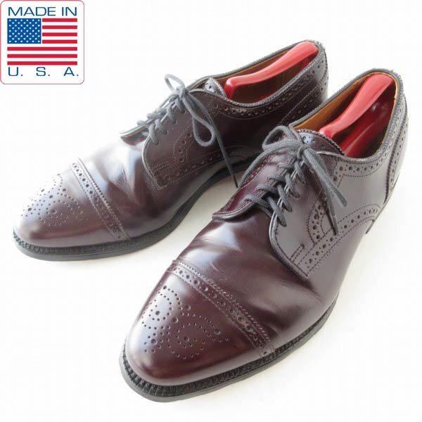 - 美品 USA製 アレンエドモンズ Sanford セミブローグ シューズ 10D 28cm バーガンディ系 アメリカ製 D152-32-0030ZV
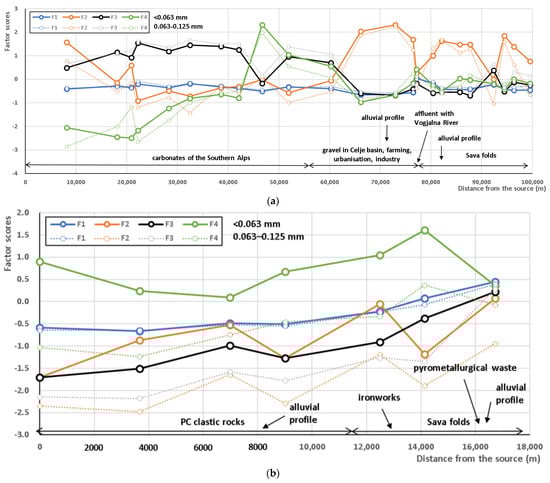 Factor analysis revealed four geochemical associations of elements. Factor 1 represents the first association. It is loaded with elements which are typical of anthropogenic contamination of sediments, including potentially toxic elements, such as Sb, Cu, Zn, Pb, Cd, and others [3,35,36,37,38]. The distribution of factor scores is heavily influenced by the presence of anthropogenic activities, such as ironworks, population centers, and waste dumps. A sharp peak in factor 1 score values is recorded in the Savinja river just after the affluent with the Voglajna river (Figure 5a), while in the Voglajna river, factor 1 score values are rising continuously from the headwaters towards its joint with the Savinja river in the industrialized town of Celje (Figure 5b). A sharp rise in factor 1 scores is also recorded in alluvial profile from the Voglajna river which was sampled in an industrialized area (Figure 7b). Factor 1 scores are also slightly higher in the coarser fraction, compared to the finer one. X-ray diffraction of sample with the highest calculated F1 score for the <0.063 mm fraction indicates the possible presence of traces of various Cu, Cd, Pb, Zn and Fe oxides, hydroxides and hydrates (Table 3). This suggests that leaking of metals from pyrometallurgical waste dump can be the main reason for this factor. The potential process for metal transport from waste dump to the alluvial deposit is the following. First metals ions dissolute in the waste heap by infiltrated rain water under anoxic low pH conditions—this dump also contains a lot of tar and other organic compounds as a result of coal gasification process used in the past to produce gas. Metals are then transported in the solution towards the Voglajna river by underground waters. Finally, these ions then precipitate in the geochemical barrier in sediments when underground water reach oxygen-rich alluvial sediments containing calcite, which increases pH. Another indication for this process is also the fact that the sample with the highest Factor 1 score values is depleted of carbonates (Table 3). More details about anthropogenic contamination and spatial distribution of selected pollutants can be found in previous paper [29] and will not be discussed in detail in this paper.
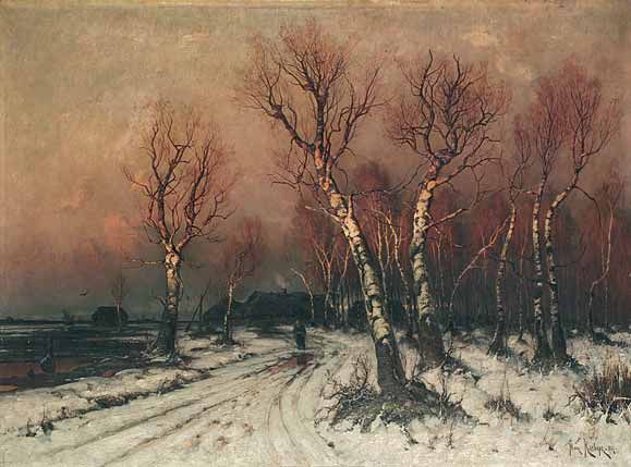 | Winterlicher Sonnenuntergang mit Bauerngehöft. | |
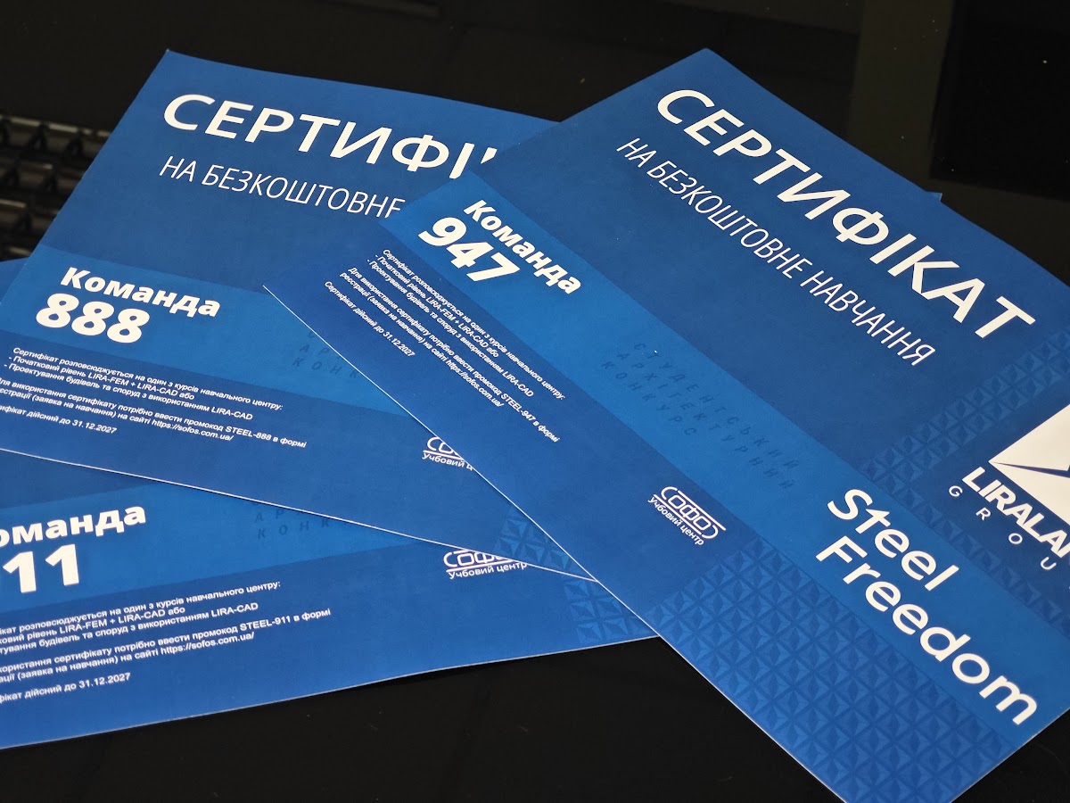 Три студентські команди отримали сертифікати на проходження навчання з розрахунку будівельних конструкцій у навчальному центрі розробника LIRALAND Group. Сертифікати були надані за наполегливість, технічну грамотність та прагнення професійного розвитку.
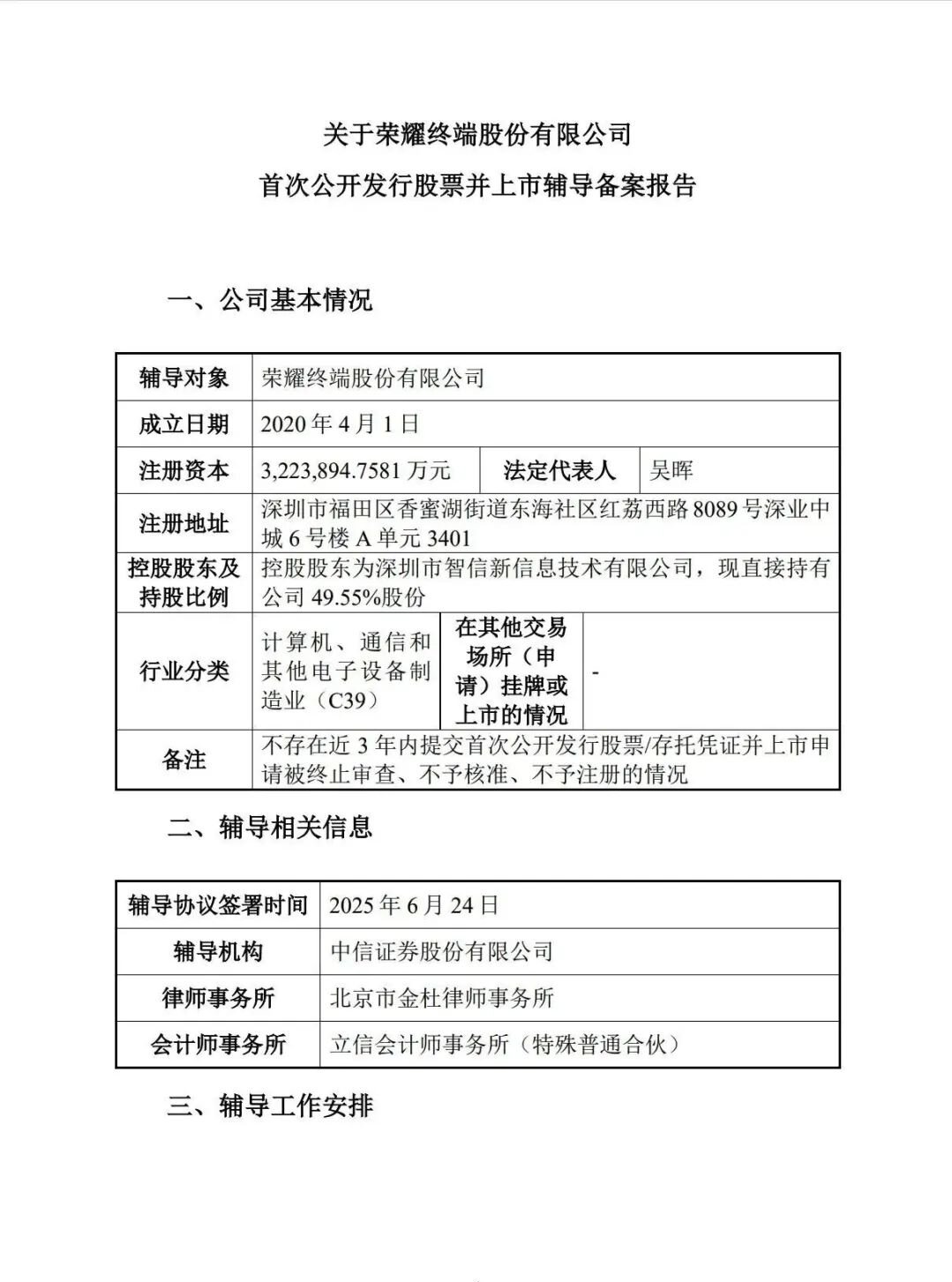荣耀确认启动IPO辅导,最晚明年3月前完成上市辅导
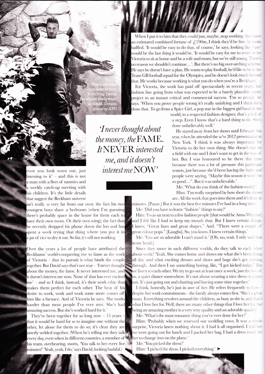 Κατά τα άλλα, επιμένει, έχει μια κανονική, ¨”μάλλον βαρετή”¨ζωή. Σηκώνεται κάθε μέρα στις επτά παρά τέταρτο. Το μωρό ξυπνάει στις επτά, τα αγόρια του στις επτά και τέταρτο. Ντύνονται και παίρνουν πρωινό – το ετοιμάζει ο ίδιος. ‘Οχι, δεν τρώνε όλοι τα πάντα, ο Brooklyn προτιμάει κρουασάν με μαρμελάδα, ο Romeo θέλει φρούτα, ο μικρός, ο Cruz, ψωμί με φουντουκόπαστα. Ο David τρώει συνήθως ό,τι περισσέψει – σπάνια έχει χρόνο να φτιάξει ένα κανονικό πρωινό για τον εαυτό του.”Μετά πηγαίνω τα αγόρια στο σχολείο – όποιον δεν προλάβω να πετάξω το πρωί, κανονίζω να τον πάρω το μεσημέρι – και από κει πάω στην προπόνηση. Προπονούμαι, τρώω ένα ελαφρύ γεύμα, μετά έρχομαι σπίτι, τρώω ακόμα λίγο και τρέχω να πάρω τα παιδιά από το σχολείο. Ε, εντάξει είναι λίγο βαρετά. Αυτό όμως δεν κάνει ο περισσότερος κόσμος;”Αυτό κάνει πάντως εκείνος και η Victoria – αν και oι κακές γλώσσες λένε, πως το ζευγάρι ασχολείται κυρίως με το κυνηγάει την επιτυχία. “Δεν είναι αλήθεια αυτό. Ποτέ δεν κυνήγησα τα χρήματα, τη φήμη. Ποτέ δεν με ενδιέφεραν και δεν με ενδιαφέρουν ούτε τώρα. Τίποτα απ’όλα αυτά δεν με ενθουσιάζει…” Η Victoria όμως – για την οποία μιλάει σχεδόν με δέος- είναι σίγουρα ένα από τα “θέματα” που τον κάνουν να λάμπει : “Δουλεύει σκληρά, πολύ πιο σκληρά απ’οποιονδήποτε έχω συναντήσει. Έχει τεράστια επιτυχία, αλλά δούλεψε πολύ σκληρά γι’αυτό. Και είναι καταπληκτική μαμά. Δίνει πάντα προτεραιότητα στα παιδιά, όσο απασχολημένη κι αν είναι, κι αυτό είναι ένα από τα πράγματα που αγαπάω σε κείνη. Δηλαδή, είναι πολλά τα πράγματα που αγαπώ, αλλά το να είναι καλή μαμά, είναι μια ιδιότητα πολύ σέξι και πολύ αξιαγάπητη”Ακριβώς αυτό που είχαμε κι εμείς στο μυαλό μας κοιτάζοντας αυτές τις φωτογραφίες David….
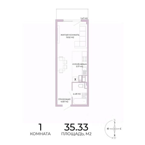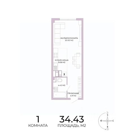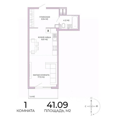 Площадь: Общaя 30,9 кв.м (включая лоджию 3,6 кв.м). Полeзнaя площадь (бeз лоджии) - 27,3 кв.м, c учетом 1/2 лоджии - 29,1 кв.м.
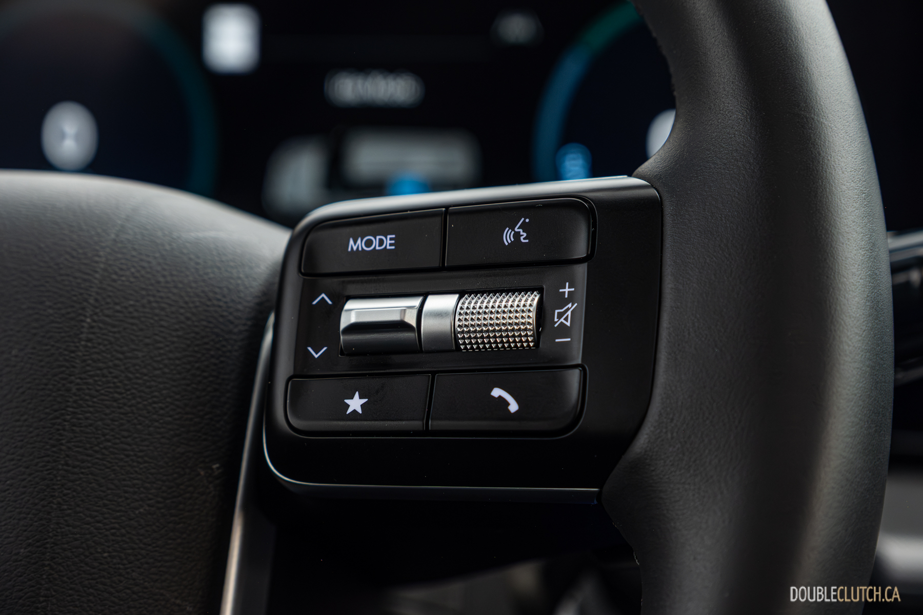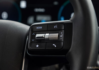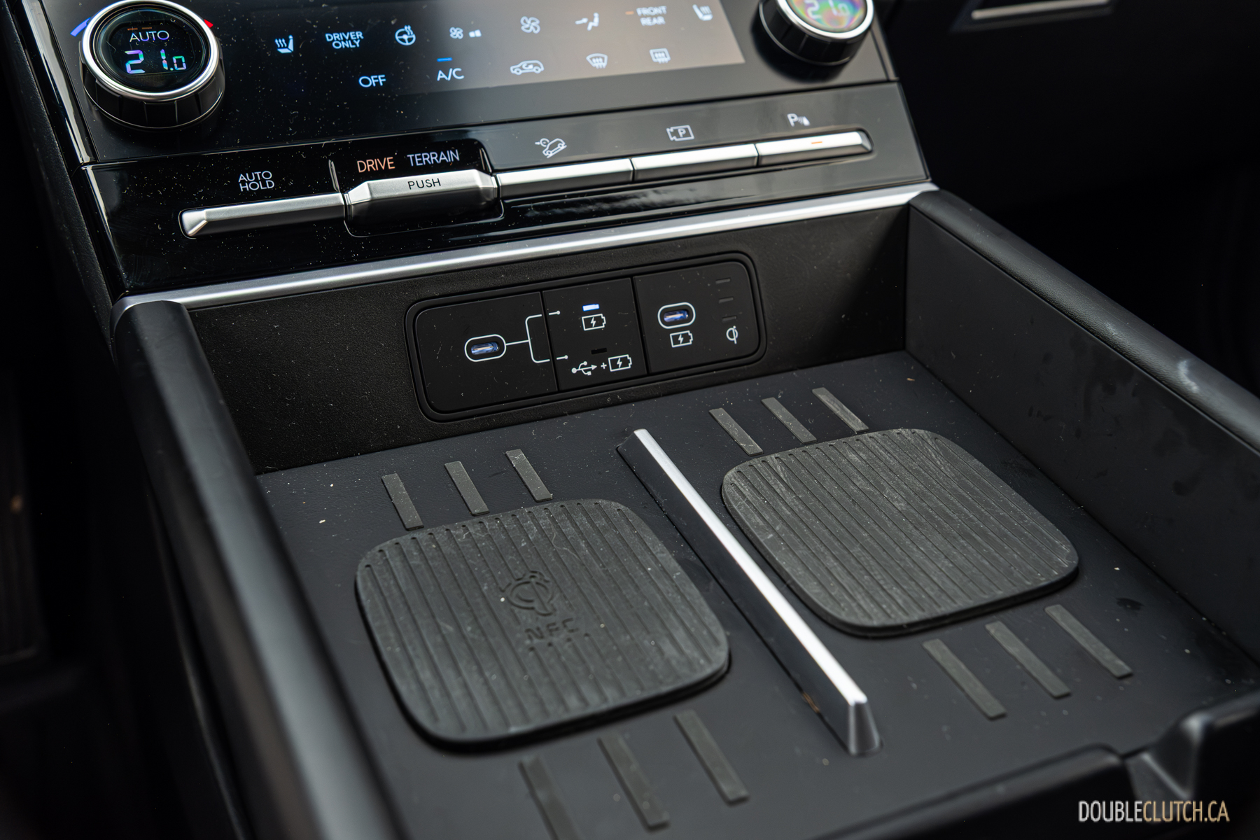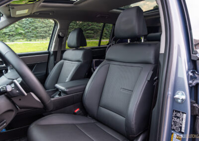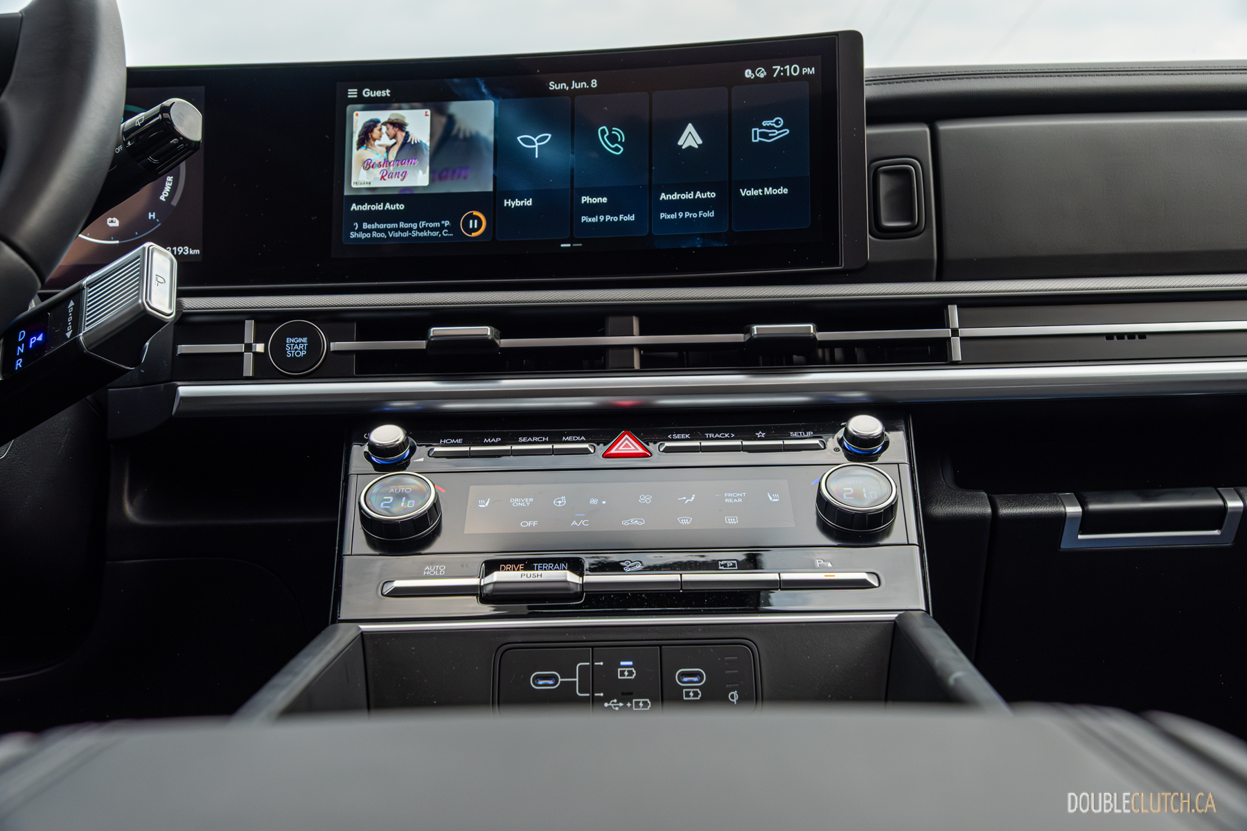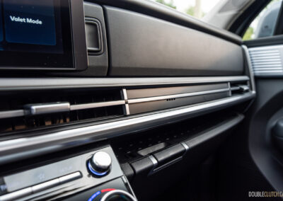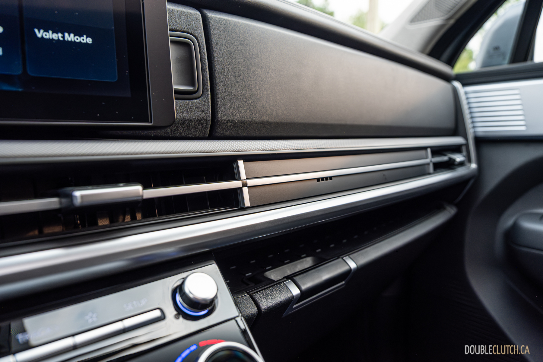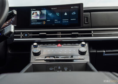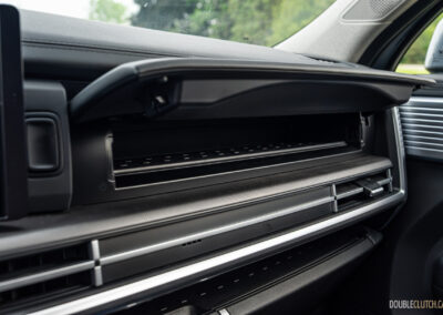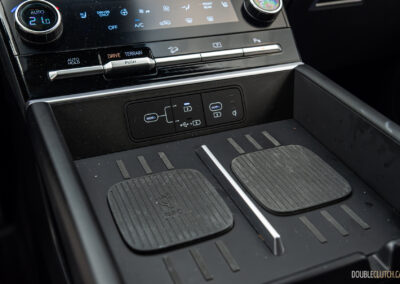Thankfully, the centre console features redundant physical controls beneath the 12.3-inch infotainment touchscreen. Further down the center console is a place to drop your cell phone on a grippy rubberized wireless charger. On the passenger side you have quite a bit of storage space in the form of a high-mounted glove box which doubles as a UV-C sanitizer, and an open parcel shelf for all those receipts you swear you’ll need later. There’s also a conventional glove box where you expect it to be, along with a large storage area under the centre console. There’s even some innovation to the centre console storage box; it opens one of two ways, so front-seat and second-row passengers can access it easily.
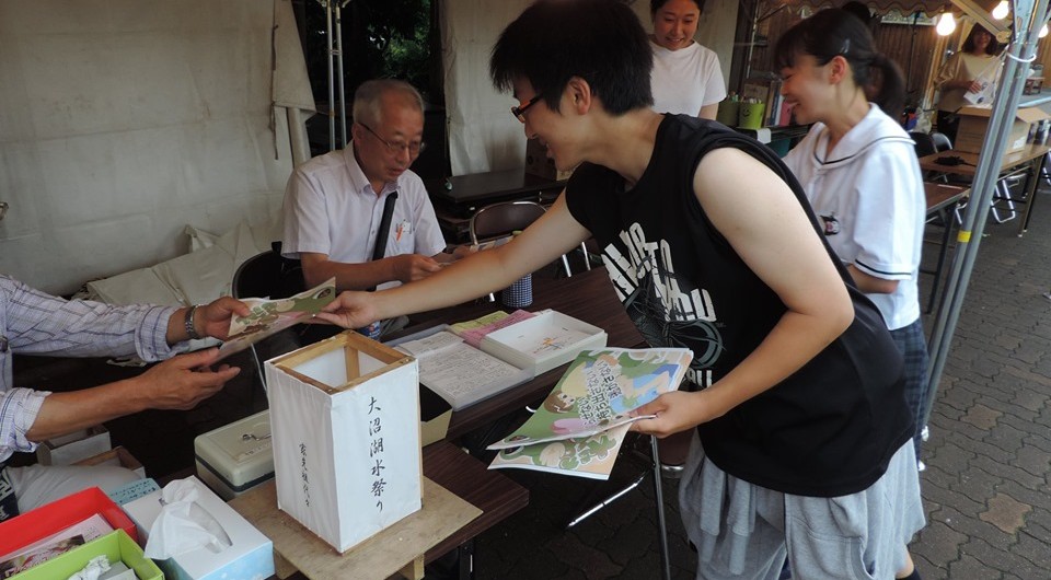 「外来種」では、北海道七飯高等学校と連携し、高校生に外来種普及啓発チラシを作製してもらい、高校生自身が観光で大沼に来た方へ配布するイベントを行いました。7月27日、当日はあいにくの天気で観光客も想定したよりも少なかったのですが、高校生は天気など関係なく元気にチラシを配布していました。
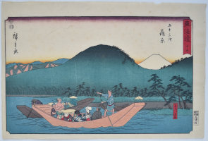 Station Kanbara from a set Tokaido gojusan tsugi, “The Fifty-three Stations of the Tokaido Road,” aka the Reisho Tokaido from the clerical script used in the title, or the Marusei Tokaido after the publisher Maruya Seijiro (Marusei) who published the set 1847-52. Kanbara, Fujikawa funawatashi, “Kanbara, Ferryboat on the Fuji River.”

WORK TO COMPLETE –
While skipping the pictures, transcribe the data above from the line showing "Три студентські команди" through the line showing "荣耀确认启动IPO辅导,最晚明年3月前完成上市辅导", exactly and with both ends.

RESULT FOR THIS TASK –
 Три студентські команди отримали сертифікати на проходження навчання з розрахунку будівельних конструкцій у навчальному центрі розробника LIRALAND Group. Сертифікати були надані за наполегливість, технічну грамотність та прагнення професійного розвитку.
荣耀确认启动IPO辅导,最晚明年3月前完成上市辅导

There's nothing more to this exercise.